The Incident
I'm really not sure why the police are so angry at me. It's not like I hurt anyone. Much. My only crime is being devilishly handsome and trusting my partner in crime. So much for loyalty, Jessica. She had been livid when I'd had that affair, but she really wasn't one to criticize. I slip into the door to my apartment and take the elevator to the second floor. What were the police going to do, follow me onto my private property? Without a warrant? That would be unbelievably stupid. It would invalidate any evidence the obtained, as it would've been done so illegally.
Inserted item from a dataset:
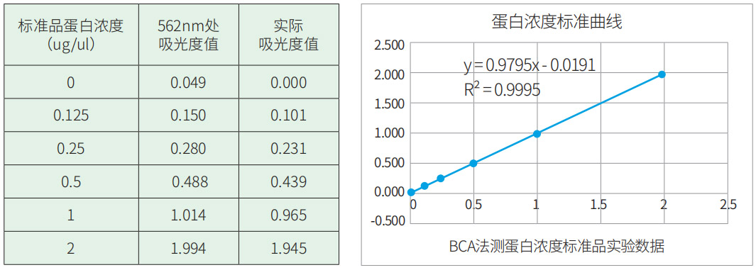 BCA(bicinchoninic acid)法蛋白濃度定量試劑盒是一種抗干擾能力強且準確定量的蛋白含量檢測試劑盒。眾所周知,二價銅離子在堿性的條件下,可以被蛋白質還原成一價銅離子(biuret reaction),一價銅離子和獨特的 BCA Solution A(含有 BCA)相互作用產生敏感的顏色反應。兩分子的 BCA 螯合一個銅離子,形成紫色的反應復合物。該水溶性的復合物在 562nm 處顯示強烈的吸光性,吸光度和蛋白濃度在廣泛范圍內有良好的線性關系,因此根據吸光值可以推算出蛋白濃度。
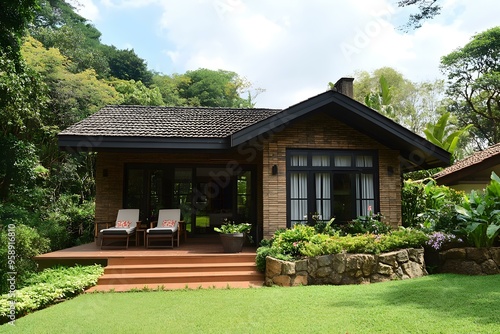 house, brick, patio, landscaping, garden, green, tree, grass, wood, stone, exterior, architecture, design, home, residential, tropical, nature, luxury, vacation, relaxation, peaceful, tranquil, beautiful, view, landscape, modern, style

Besides being incredibly clever and currently being chased by the Washington DC police, I was also a domestic terrorist. I can't imagine why they would call me that. All I did was bomb the White House. It's not like there were many people in there, I planned it that way. I was making a statement, not trying to get anyone killed. I had failed however, and there were two people's blood on my hand. And the president's cat, but I hate cats. One scratched me as a child, plus I'm allergic. That's plenty reason to hate the filthy creatures.
Enough talk about me, as fabulous as I am. There is a bigger problem at hand. The police are nearly on me. And there's a cat in here. My worst fear. It's all I can do not to shriek. Damn it. Jail is starting to look like a viable option. Time to get out of here. I don't want to test the private property thing. I drop out of the room through the second story window, rolling as I hit the ground. I duck into the car my getaway driver, who did not betray me, Jessica, has parked across the street. Some
"What are you waiting for?" I shout. "Drive!" And he does, going well above the speed limit, which the police also did. Hypocrites. Add speeding to my list of crimes, I guess. With the city behind me, I head to a farmhouse in the country to lay low for a while. I had no desire to receive the death penalty. A man as remarkable as me should never be defeated in such a humiliating manner. Caught by city police. What a pathetic way to end a movement. And why pretend otherwise, I don't have any legitimate criticisms to levy, but I had made up plenty in case the media asked. I desperately hope they would. Attention is my drug, and it's as potent as any other. For now, I have to lay low. I hate it here.